NASA astronomers have discovered the first Earth-like planet around another star that could be home to life as we know it. In an exciting development, they identified the remote world as being in an orbit where liquid water can exist on its surface.
The planet, labelled Gliese 581g, lies just 20 light-years away from our own solar system in the constellation of Libra.
After 11 years of study, scientists are confident that the planet lies bang in the middle of the so-called Goldilocks zone around its home star.
That is the habitable region which is not too hot and not too cold for Earth-like life to exist, providing there is water and a breathable atmosphere
The planet, which is too remote to be seen, was detected from the W M Keck Observatory on Hawaii by using a spectrometer to measure the wobble in its home star’s position during every orbit.
Astronomers discovered that Gliese 581g is only three or four times as massive as the Earth and 1.2 to 1.4 times its diameter – which is small compared to the giant gas balls that most new planets have been found to be.
It has a roughly circular orbit, like most of the Sun’s planets, and has a year just 37 days long – the time it take to make one circuit of its own star.

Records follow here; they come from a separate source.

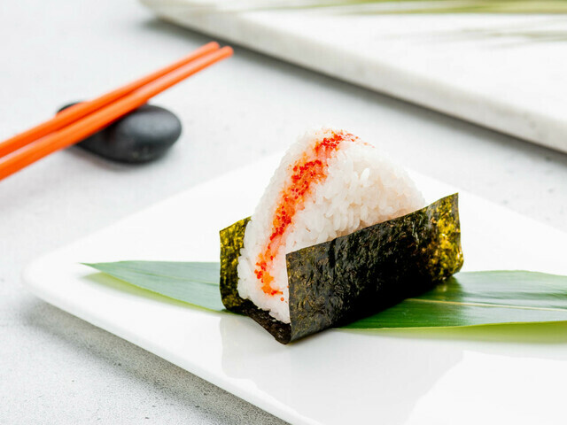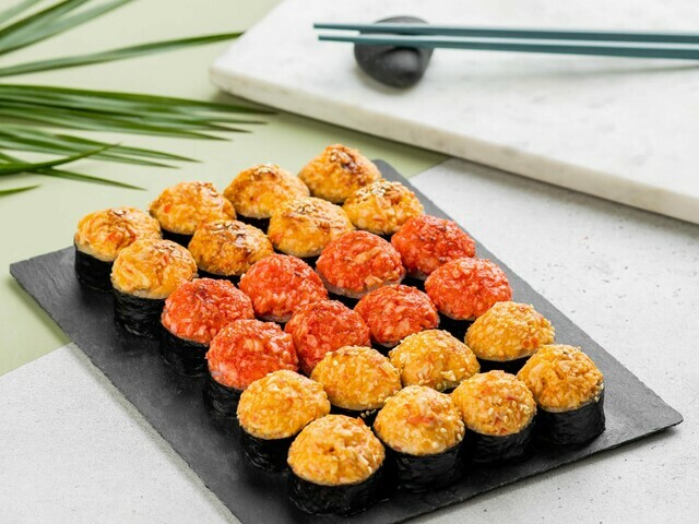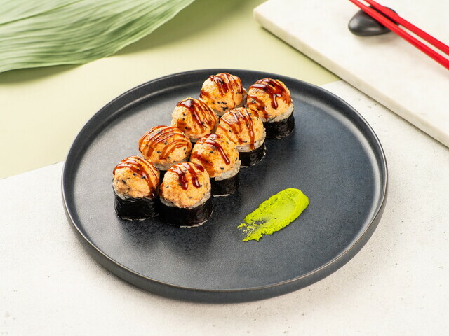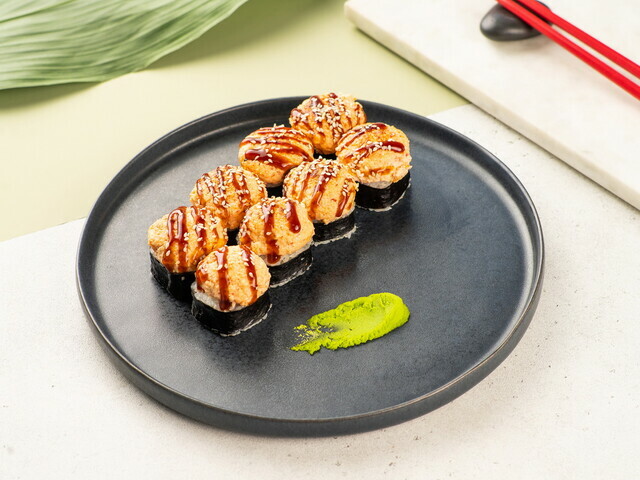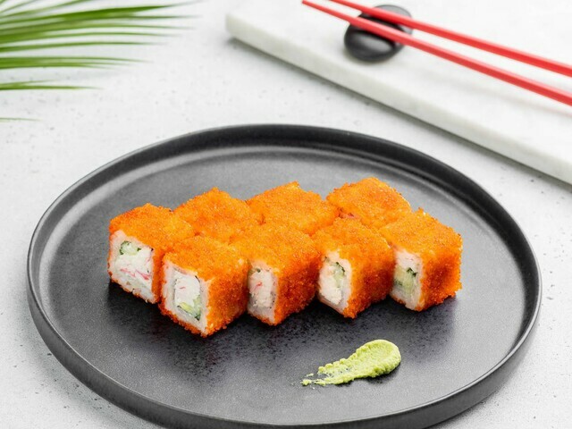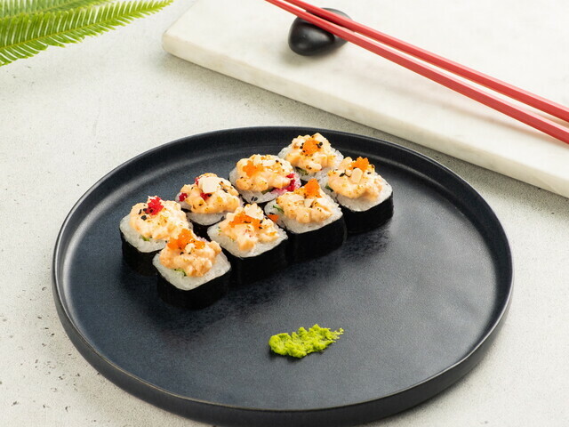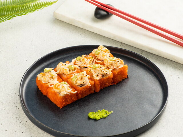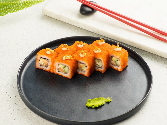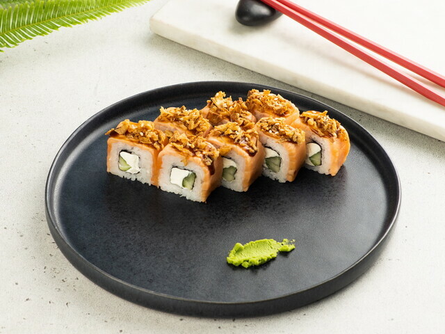Рис, нори, лосось, сыр сливочный, огурец, икра масаго, соус спайси, луковый кранч.
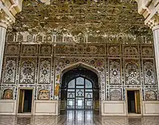 The Sheesh Mahal (Urdu: شیش محل; "The Palace of Mirrors") is a palace located within the Shah Burj block in northern-western corner of Lahore Fort. It was constructed under the reign of Mughal Emperor Shah Jahan in 1631–32, with some additions later under Sikh Maharaja Ranjit Singh. The ornate white marble pavilion is inlaid with pietra dura and complex mirror-work of the finest quality. The hall was reserved for personal use by the imperial family and close aides. It is among the 21 monuments that were built by successive Mughal emperors inside Lahore Fort, and forms the "jewel in the Fort’s crown."[1] As part of the larger Lahore Fort Complex, it has been inscribed as a UNESCO World Heritage Site since 1981.
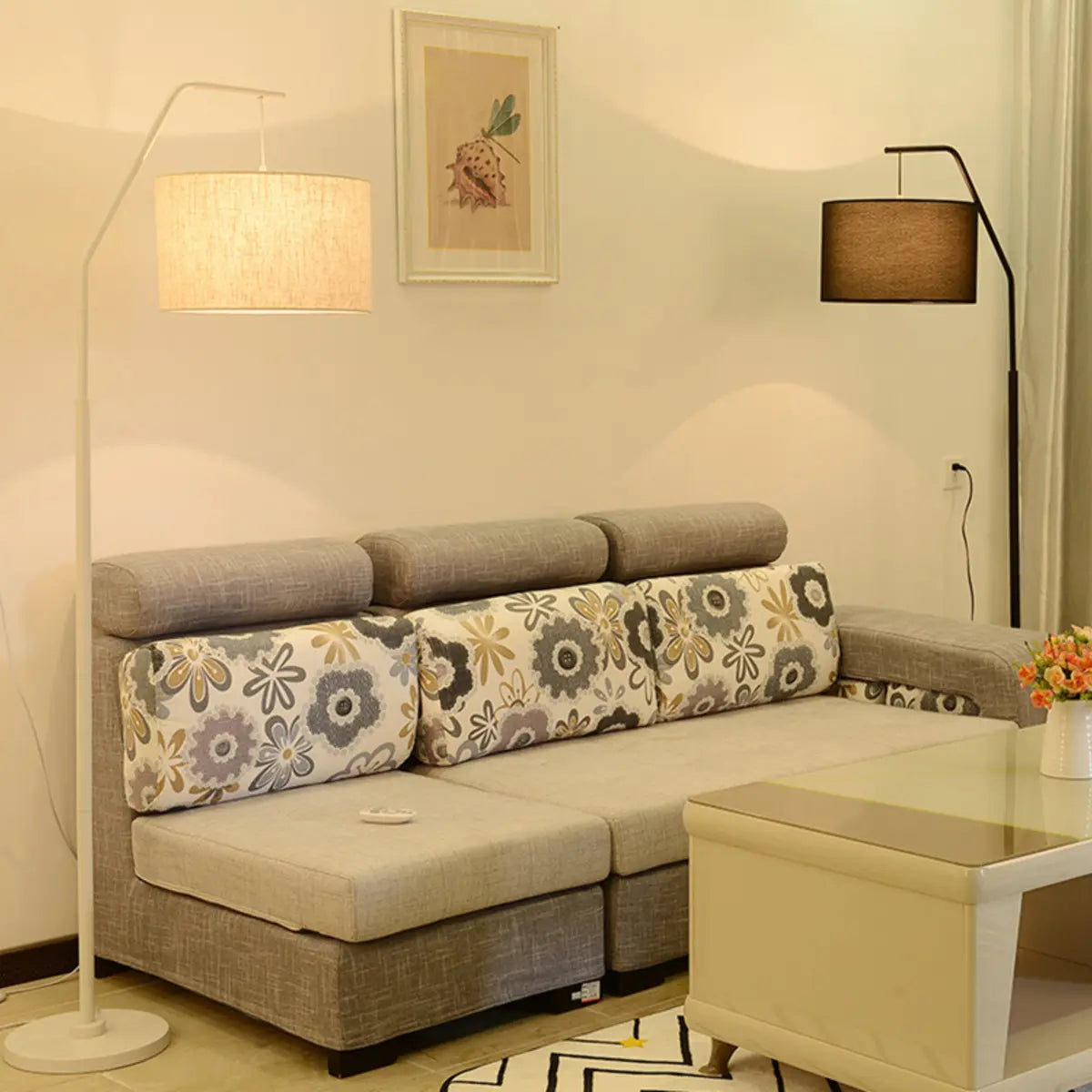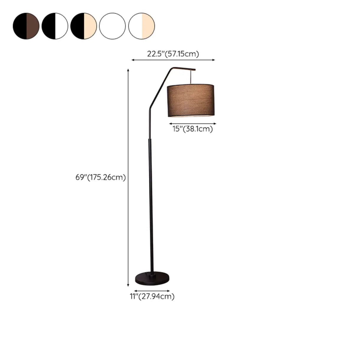 ZOWALA - Modern White Fabric Drum Black Floor Lamp

The planet is said to be “tidally-locked” which means it keeps the same side facing the star all the time, just as the Moon always keeps the same face towards the Earth. That means that its dark side is likely to be exceptionally cold and the lit side extremely hot. The most favourable area for life could therefore be along the edge where daylight meets night, called the terminator.
Gliese 581g is one of two new planets discovered orbiting the star, bringing its number of worlds to six. It had been suggested in 2007 that another planet in the system, Gliese 581c, might also have favourable conditions but it seems far less suitable than the new world.
Last month another star, in the constellation of Hydra, was reported to have seven planets.
Our own solar system has eight planets plus Pluto which was relegated to the second division in 2006.
Professor Steven Vogt, of the University of California, Santa Cruz, who co-led the study, said: “Our findings offer a very compelling case for a potentially habitable planet. The fact that we were able to detect this planet so quickly and so nearby tells us that planets like this must be really common.”
In March, a planet orbiting a star in Serpens Cauda was said to be cool enough to contain liquid water but that world is thought to be made mainly of gas and so quite unlike the Earth. Astronomers expect to discover more rocky planets using NASA’s Kepler space telescope and Europe’s Corot probe.